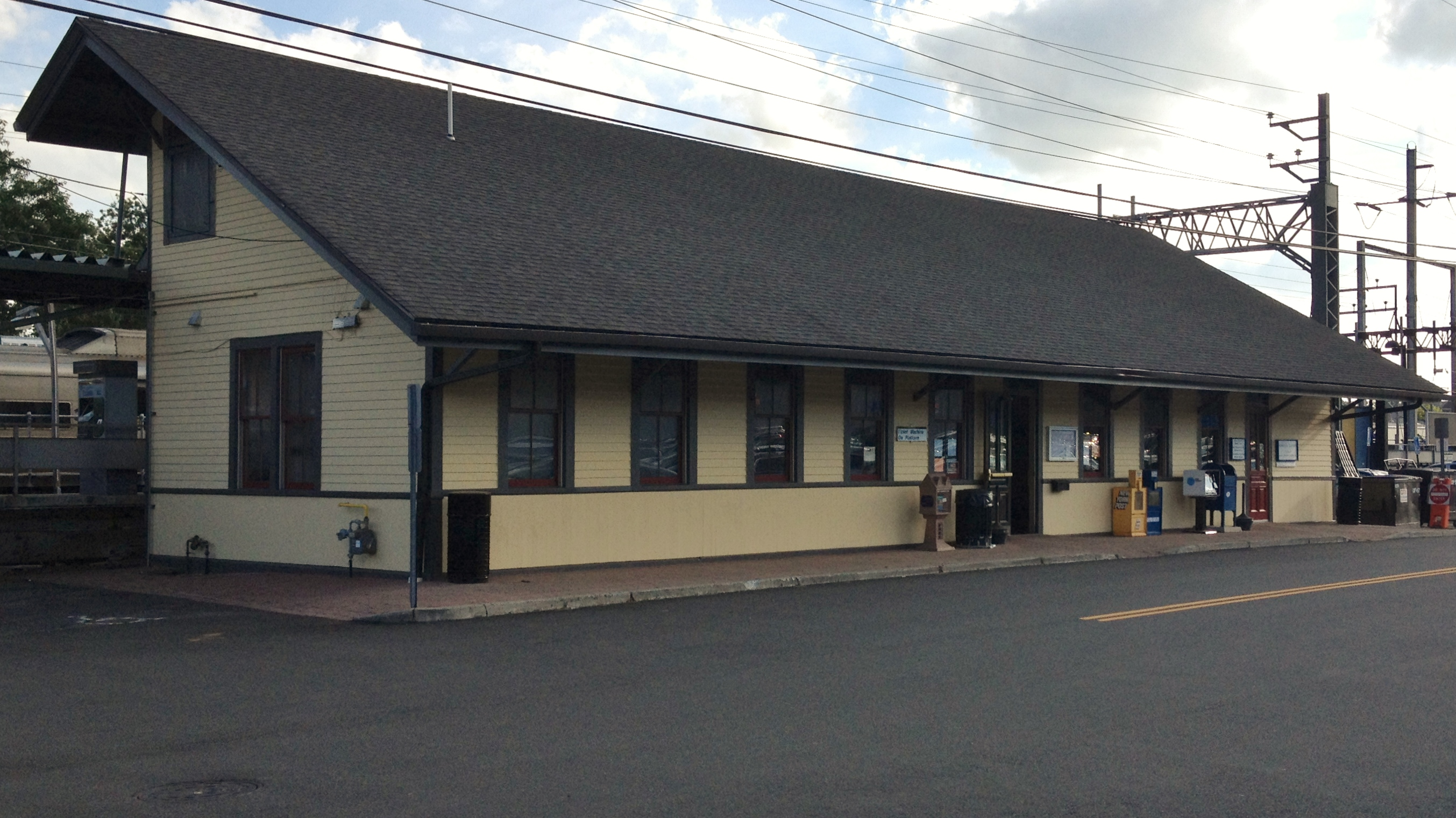 Main station house on the eastern platform. Southbound trains stop at this station. Located at the Fairfield, CT Train Station.
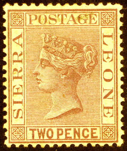 2 pence magenta SG25
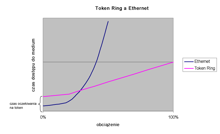 Impact load on frame delay
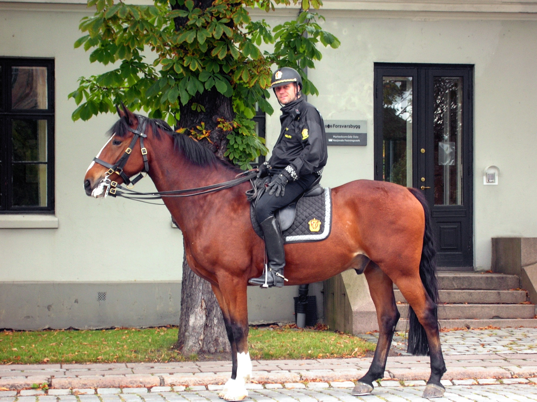 Norway mounted policeman in Akerhus festning in OsloNorsk bokmål: Politibetjent ved Rytterkorpset utenfor Akershus festning i Oslo
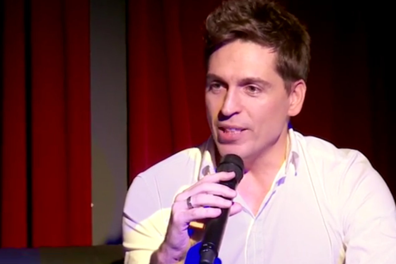 Actor and singer Michael Falzon mentoring at The Greenroom Project at The Arts Centre, Gold Coast in July 2013
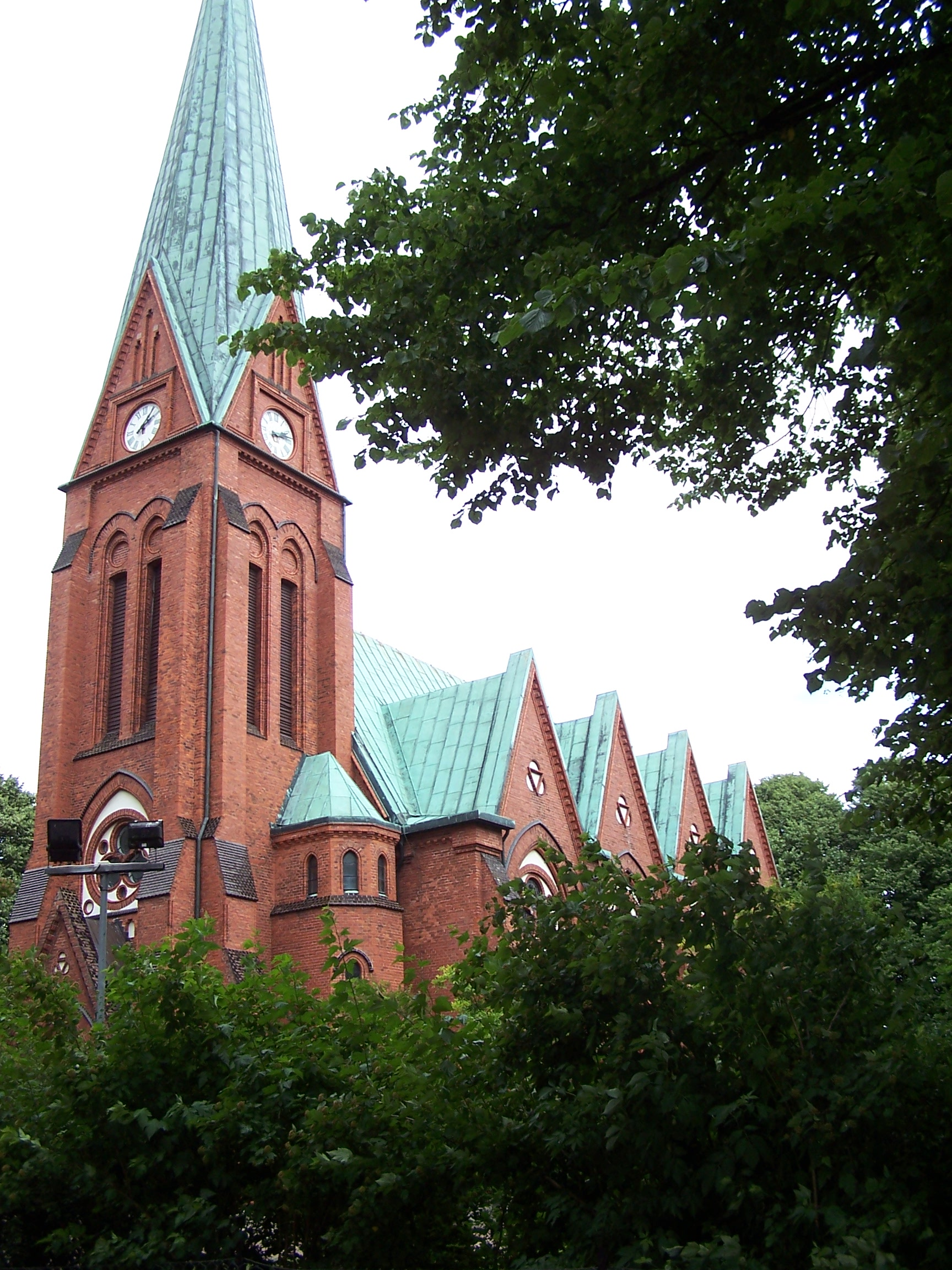 Exterior of Bunkeflo church, Bunkeflo parish.
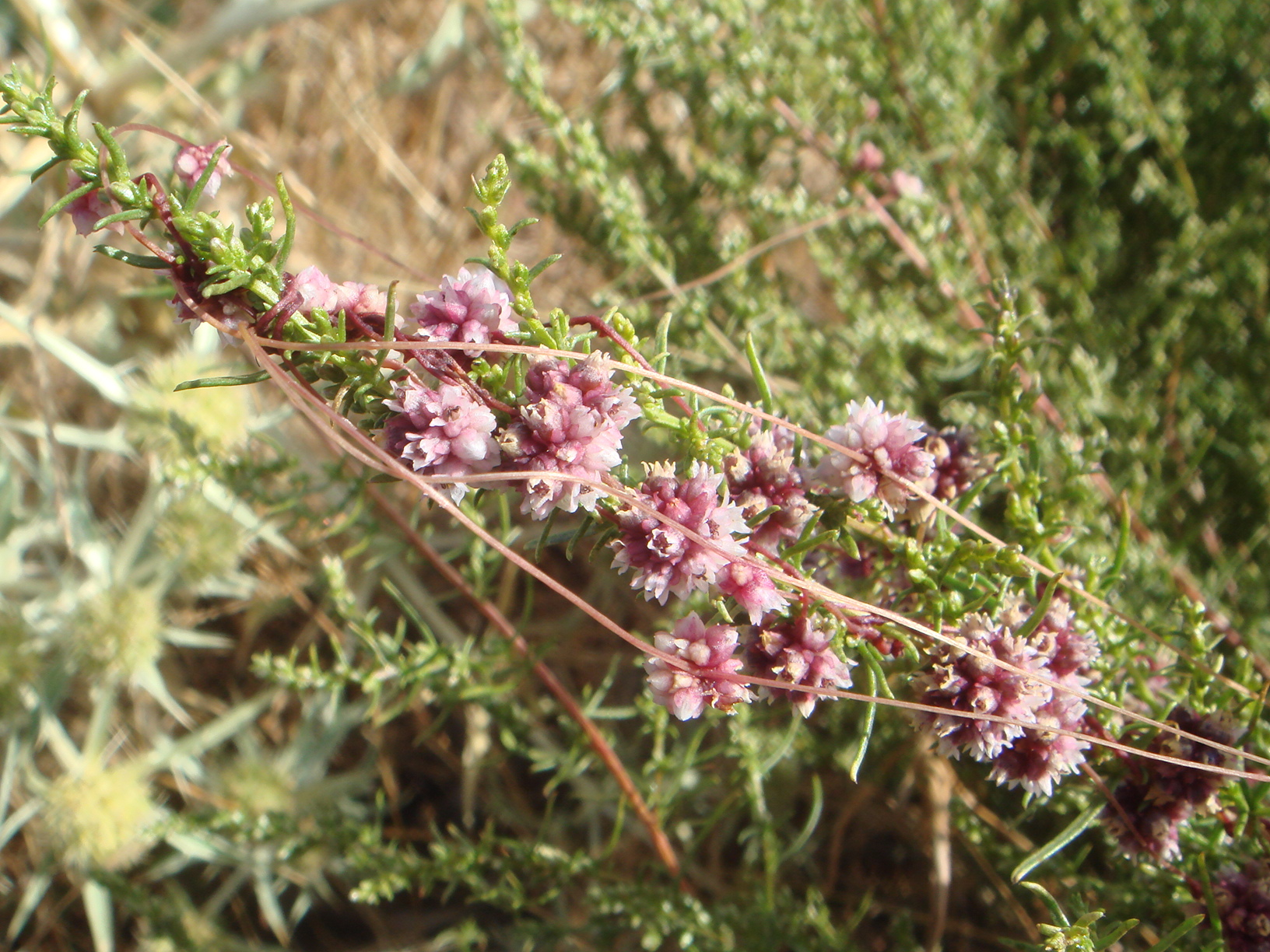 Greater dodder (Cuscuta europaea) on Artemisia campestris at Sierra de Ávila, Spain.

━━━━

#### TASK DIRECTIONS:
Output the listing above exactly, but leave its pictures behind.

#### TASK OUTPUT:
 Main station house on the eastern platform. Southbound trains stop at this station. Located at the Fairfield, CT Train Station.
 2 pence magenta SG25
 Impact load on frame delay
 Norway mounted policeman in Akerhus festning in OsloNorsk bokmål: Politibetjent ved Rytterkorpset utenfor Akershus festning i Oslo
 Actor and singer Michael Falzon mentoring at The Greenroom Project at The Arts Centre, Gold Coast in July 2013
 Exterior of Bunkeflo church, Bunkeflo parish.
 Greater dodder (Cuscuta europaea) on Artemisia campestris at Sierra de Ávila, Spain.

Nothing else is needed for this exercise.